Finally, various preprocessing strategies were applied to simulated Xenium-like datasets to identify the preprocessing strategy that best reflected original ground truth clusters. Scanpy and Seurat were used to build the different preprocessing workflows (Extended Data Fig. 6a). In brief, preprocessing workflows consisted of multiple normalization strategies (Pearson’s residuals, SCTransform, library-size-based normalization or absence of normalization, defined as ‘None’ in Extended Data Fig. 6). For library-size-based normalization, different library sizes (10, 100, 1,000 and default) were used as hyperparameters. Next, we optionally performed log-transformation, HVF selection and data scaling. For Pearson’s residual normalization, log transformation was always skipped, because it is not required. For SCTransform normalization, both log-transformation and HVF selection steps were skipped, because SCTransform⁵¹ is designed to replace these steps. Subsequently, a graph is constructed, considering the number of principal components and nearest neighbors as hyperparameters. Finally, clustering was performed using either Leiden, Louvain or Markov cluster algorithms. For each preprocessing workflow tested, the clustering resolution was adjusted to obtain a comparable number of clusters to the reference cell types (±2 clusters). To measure the similarity between both clustering results, different metrics were used, including ARI, VI and FMI. Further details about the simulation are available in the associated Github repository.
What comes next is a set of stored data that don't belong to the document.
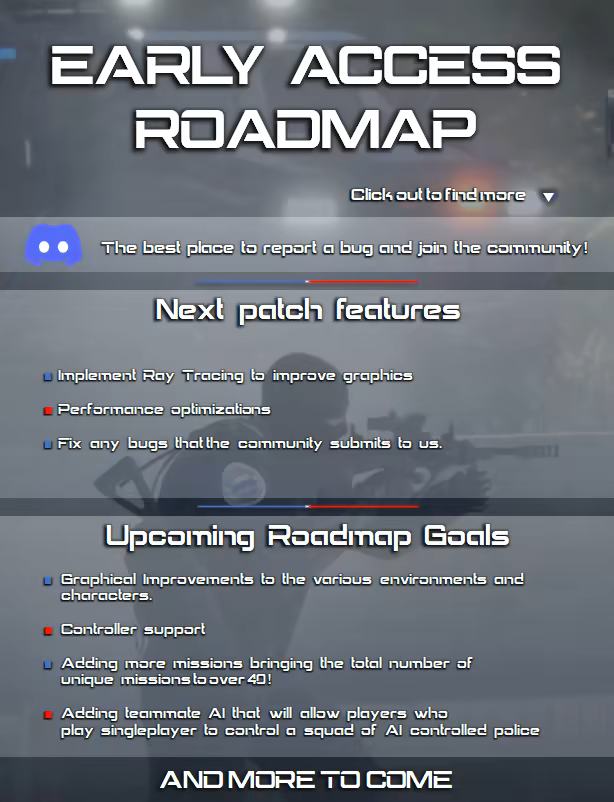 • Adding teammate AI that will allow players who play singleplayer to control a squad of AI controlled police.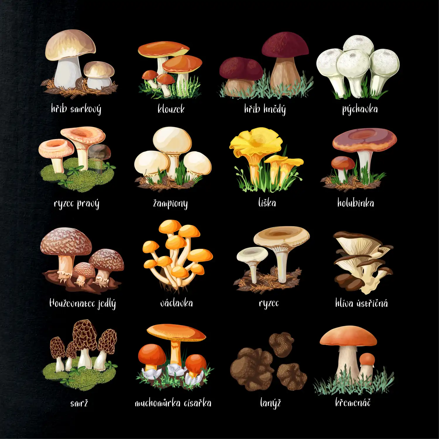 Atlas hub na tričko i kojenecké body. Radost pro houbaře i mykology. Zvolte barvu a velikost, klidně přidejte jméno. Objevte originál! ☆ →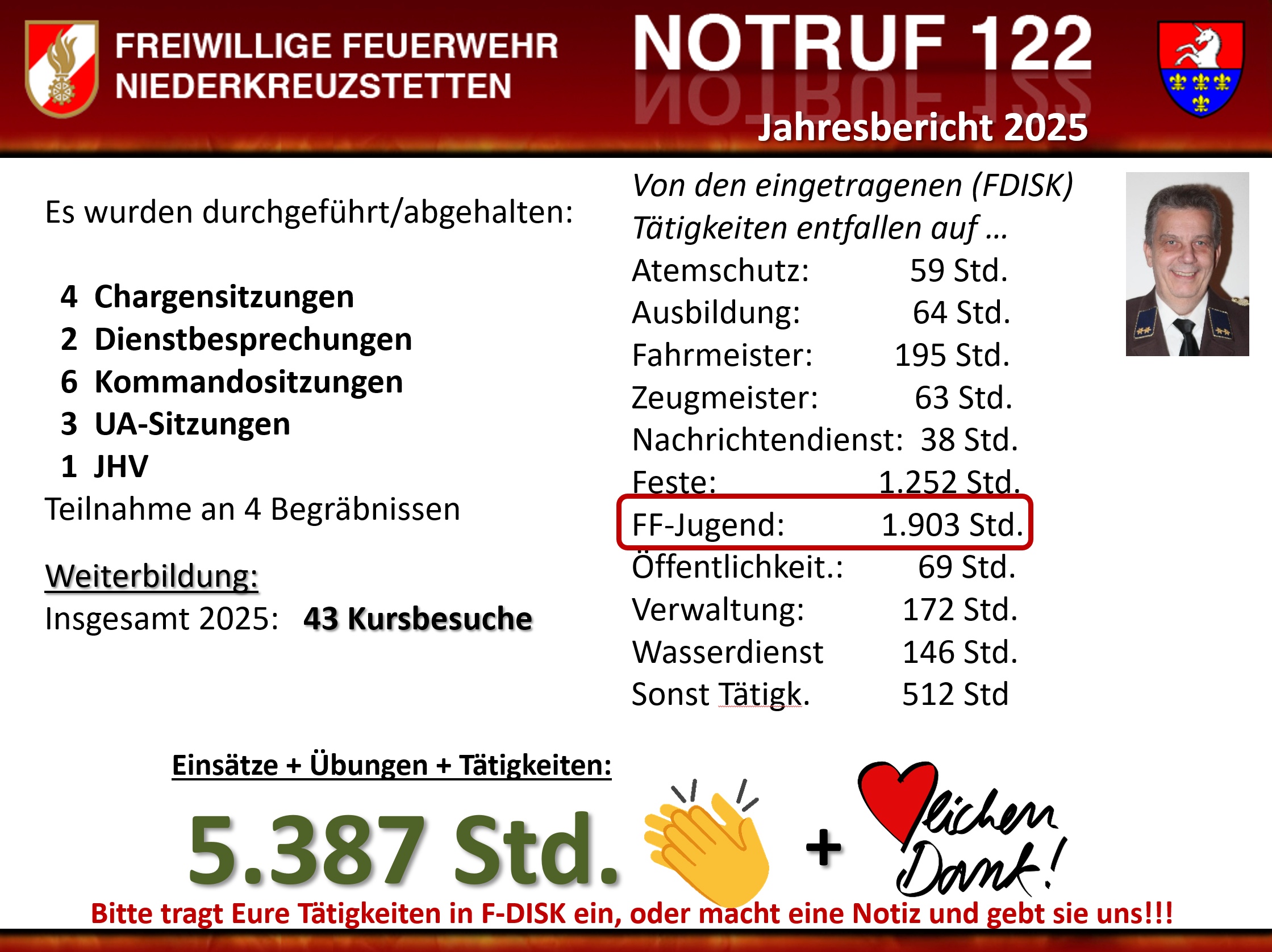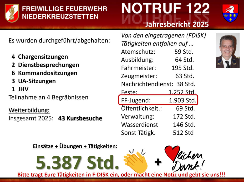 Insgesamt wurden für das Feuerwehrwesen rund 5.400 Stunden für Einsätze, Übungen, Veranstaltungen und Kurse aufgewendet. An dieser Stelle ein riesiges Dankeschön an alle Kameraden, denn nur im Kollektiv können diese Leistungen erbracht werden.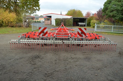 Groß- Federzahnegge, 7- balkig, hydr. Klappbar Doppelblatt- Federzinken mit ca. 13 cm Strichabstand mit Einebnungsstriegel - Tragrohr 60 x 60 mm 4 Schwingen- Stützrädern inklusive Warntafeln mit Beleuchtung Arbeitsbreite 6,0 m - Transportbreite 2,6 m 1 2. Reihe Striegel 60 inkl. Konsole 1 4 Stützräder 195/55 R10 C 1 Paar Stützräder 18-5x8.5-8 hinten 1 komplett mit Reifen und VerstellungKontaktdaten: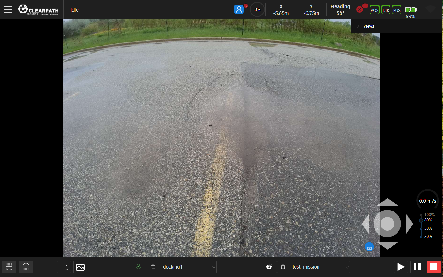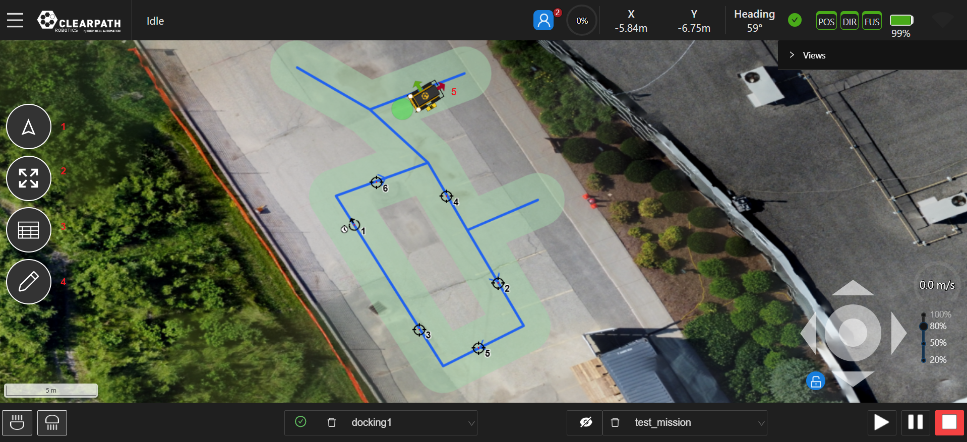 The Web User Interface (Web UI) provides an easy, graphical, means to control both manual and autonomous operation of your UGV. The following sections outline: the components and views of the UI, the details of operating in manual mode, and the details of operating in autonomous mode.
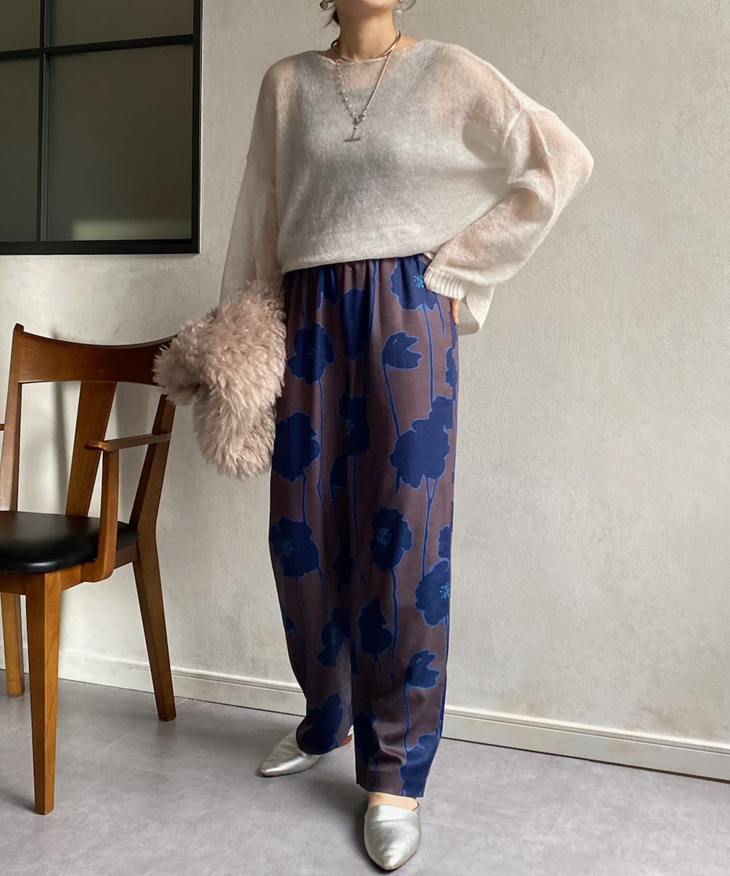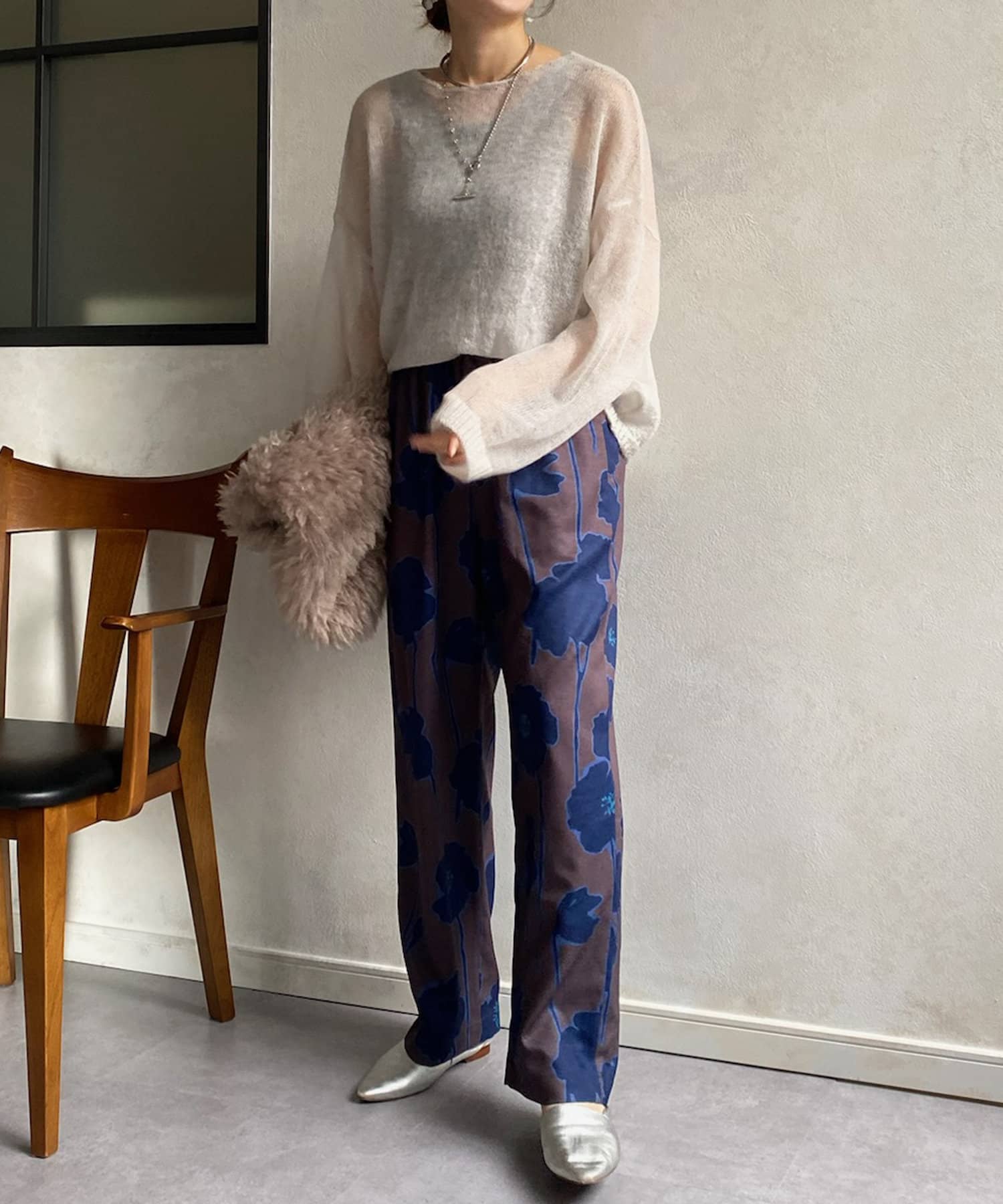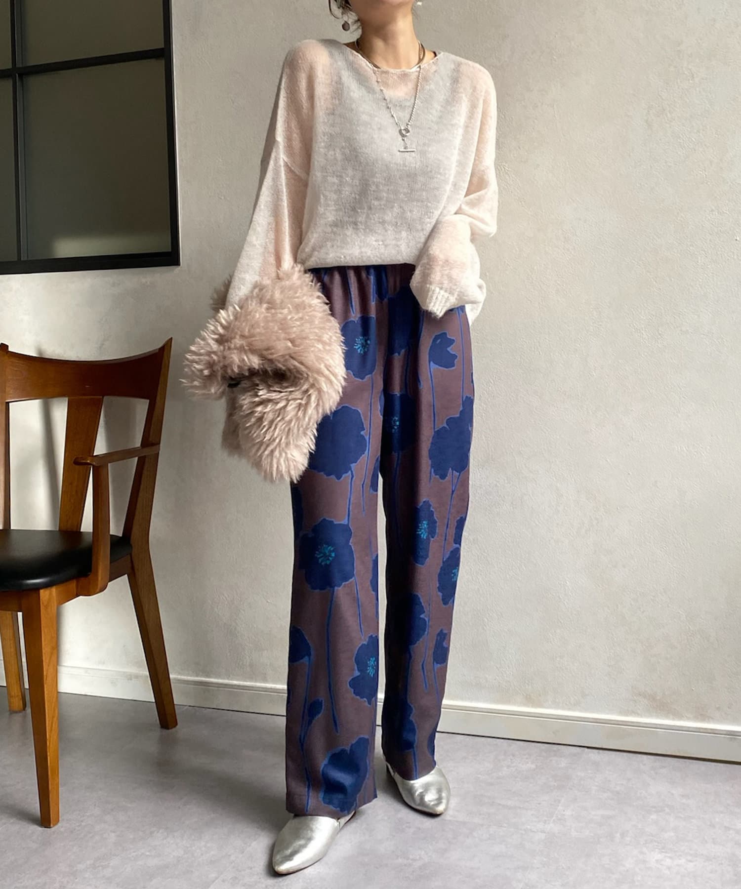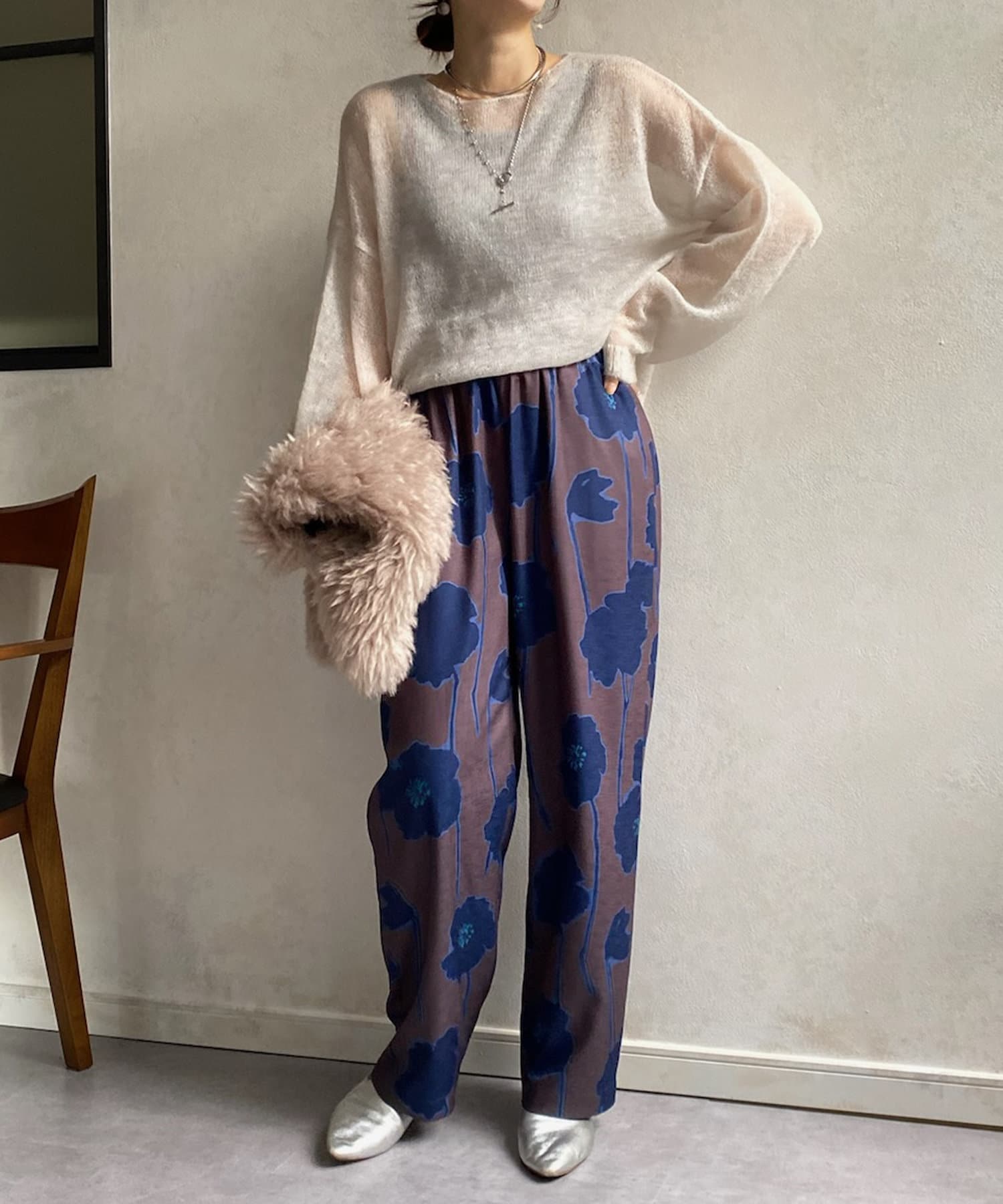 スタイリングを華やかに演出するフラワー柄パンツ!

Exploring preprocessing strategies in Xenium datasets

To further assess the effectiveness of the preprocessing strategies on real Xenium datasets, we applied the top-performing preprocessing strategy, identified using simulated data, to the 25 Xenium datasets used in this study (see main text). For the Xenium datasets, default segmentation was used, considering only nuclear reads to avoid the effect of mis-segmentation. To quantify the importance of each of the steps and parameters, we preprocessed each dataset, modifying one step at a time. We quantified the effects of these modifications by measuring the similarity between the new clusters and the ones obtained with the top-performing preprocessing strategy. We used various metrics, including ARI, VI and FMI.

Benchmarking algorithms to identify spatially variable features

We compared the performance of different algorithms to identify spatially variable features including Sinfonia³⁴, Squidpy (Moran’s I and Geary’s C)³⁰, Giotto (rank and k-means)³⁶, Seurat (markvariogram and moran’s I)³⁵, hotspot³¹, somDE³², spatialDE³³. In addition, highly variable genes (HVG) are also identified using Scanpy. Since not all algorithms can be used with full Xenium datasets, we compared the performances of the algorithms in two situations, when possible: usings only 5000 cells and using the entire datasets. All algorithms were applied to a diverse subset of all Xenium datasets available. The algorithm’s performance was compared in terms of (1) the ranking of the genes based on how spatially variable they are (2), the number of genes identified as SVF and (3) the similarity between the genes identified as SVF by each algorithm. Finally, since control probes are included in the Xenium experiments which, by definition are not spatially variable, we use this trick to quantify the false positive ratio of each algorithm.

Benchmarking gene imputation algorithms

We evaluated the performance of seven integration methods (gimVI, SpaGE, Tangram, Liger, Seurat, SpaOTsc and NovoSpaRc) following the published Jupyter notebook by Li et al.³⁷ (https://github.com/QuKunLab/SpatialBenchmarking/blob/main/BLAST_GenePrediction.ipynb). We used the raw normalized expression matrices for both the scRNA-seq and spatial transcriptomics datasets for input of the integration methods. Because the spatial transcriptomics dataset contained fewer than 300 detected genes, we built the ground truth of our dataset using genes detected in both the spatial transcriptomics and scRNA-seq datasets (total 248 genes). For the evaluation, we used tenfold cross-validation, dividing the genes into ten portions, nine of which were used for training and one for prediction. Because of the large sizes of our datasets (scRNA-seq dataset, ~150,000 cells; spatial transcriptomics dataset, ~80,000 spots), we downsampled the datasets by a factor of ten. This reduction considerably alleviated the computational-resource demands of the integration methods without compromising the results.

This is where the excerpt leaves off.